Fuji Electric Tellus Lite V-Simulator (Update A)

Fuji Electric Tellus Lite V-Simulator contains multiple buffer overflow vulnerabilities (CVE-2024-11799, CVE-2024-11800, CVE-2024-11801, CVE-2024-11802, CVE-2024-11803) in the simulator component that could crash the application when a user opens a malicious file. VS5Sim (V-Simulator Ver5) is vulnerable to these issues. V-Simulator Ver6 includes screening to prevent exploitation of the first three CVEs. Fuji Electric released TELLUS V4.0.22.0 in May 2025 with fixes for CVE-2024-11802 and CVE-2024-11803, replacing V-Simulator Ver5 with Ver6 in new packages.

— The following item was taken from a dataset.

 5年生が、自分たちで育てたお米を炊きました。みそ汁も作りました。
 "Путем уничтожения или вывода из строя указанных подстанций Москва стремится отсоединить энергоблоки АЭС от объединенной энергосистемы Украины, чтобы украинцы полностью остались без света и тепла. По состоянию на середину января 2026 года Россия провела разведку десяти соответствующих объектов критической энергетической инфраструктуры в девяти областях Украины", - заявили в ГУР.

VS5Sim is a simulator of V-SFT Ver5 packaged with TELLUS Lite. VS6Sim screens incoming data to prevent malicious files from exploiting CVE-2024-11799, CVE-2024-11800, and CVE-2024-11801. Fuji Electric has replaced V-SFT Ver5 with V-SFT Ver6 in new versions of TELLUS lite. In May 2025, Fuji Electric released TELLUS V4.0.22.0 which fixes CVE-2024-11802 and CVE-2024-11803 in V-Simulator Ver6. Consequently, V-Simulator Ver5 will be removed from the package and replaced with V-Simulator Ver6. Users are encouraged to download the latest version. CISA recommends users take defensive measures to minimize the risk of exploitation of these vulnerabilities. CISA reminds organizations to perform proper impact analysis and risk assessment prior to deploying defensive measures. CISA recommends users take the following measures to protect themselves from social engineering attacks: Do not click web links or open attachments in unsolicited email messages. Refer to Recognizing and Avoiding Email Scams for more information on avoiding email scams. Refer to Avoiding Social Engineering and Phishing Attacks for more information on social engineering attacks. CISA also provides a section for control systems security recommended practices on the ICS webpage on cisa.gov/ics. Several CISA products detailing cyber defense best practices are available for reading and download, including Improving Industrial Control Systems Cybersecurity with Defense-in-Depth Strategies. CISA encourages organizations to implement recommended cybersecurity strategies for proactive defense of ICS assets. Additional mitigation guidance and recommended practices are publicly available on the ICS webpage at cisa.gov/ics in the technical information paper, ICS-TIP-12-146-01B--Targeted Cyber Intrusion Detection and Mitigation Strategies. Organizations observing suspected malicious activity should follow established internal procedures and report findings to CISA for tracking and correlation against other incidents. No known public exploitation specifically targeting these vulnerabilities have been reported to CISA at this time. These vulnerabilities are not exploitable remotely.